Task prompt: Copy the listing as it is written, and leave each picture out.

Source data:
◆ ◆ ◆ ◆ ◆
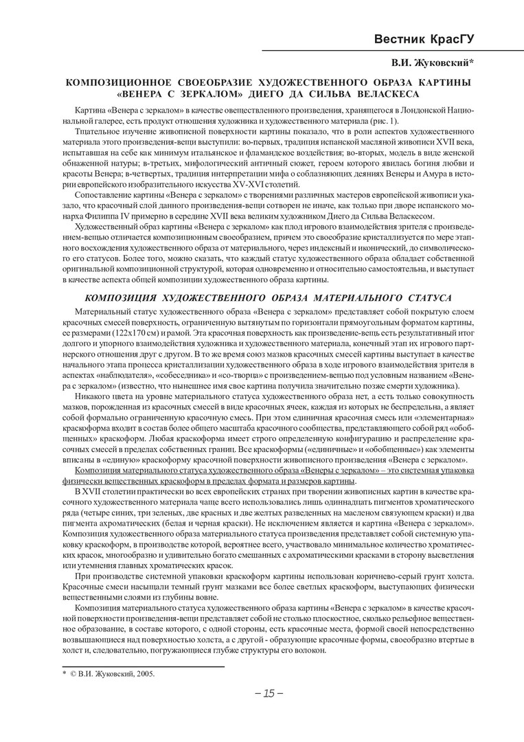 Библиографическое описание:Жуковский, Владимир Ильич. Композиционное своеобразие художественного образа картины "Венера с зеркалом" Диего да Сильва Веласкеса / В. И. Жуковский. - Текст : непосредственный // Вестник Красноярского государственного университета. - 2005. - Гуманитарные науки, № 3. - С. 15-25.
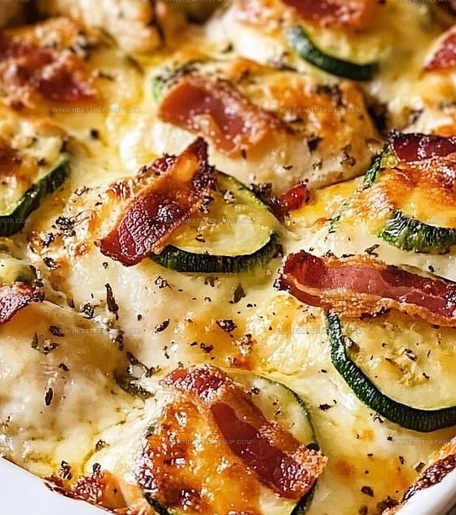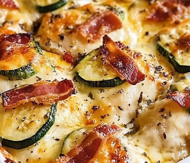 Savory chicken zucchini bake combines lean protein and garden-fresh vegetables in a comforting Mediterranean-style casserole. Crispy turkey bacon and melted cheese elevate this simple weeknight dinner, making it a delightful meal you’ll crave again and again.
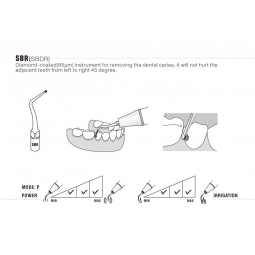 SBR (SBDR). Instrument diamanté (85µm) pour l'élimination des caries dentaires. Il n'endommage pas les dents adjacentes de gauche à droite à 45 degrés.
◆ ◆ ◆ ◆ ◆
Result:
 Библиографическое описание:Жуковский, Владимир Ильич. Композиционное своеобразие художественного образа картины "Венера с зеркалом" Диего да Сильва Веласкеса / В. И. Жуковский. - Текст : непосредственный // Вестник Красноярского государственного университета. - 2005. - Гуманитарные науки, № 3. - С. 15-25.
 Savory chicken zucchini bake combines lean protein and garden-fresh vegetables in a comforting Mediterranean-style casserole. Crispy turkey bacon and melted cheese elevate this simple weeknight dinner, making it a delightful meal you’ll crave again and again.
 SBR (SBDR). Instrument diamanté (85µm) pour l'élimination des caries dentaires. Il n'endommage pas les dents adjacentes de gauche à droite à 45 degrés.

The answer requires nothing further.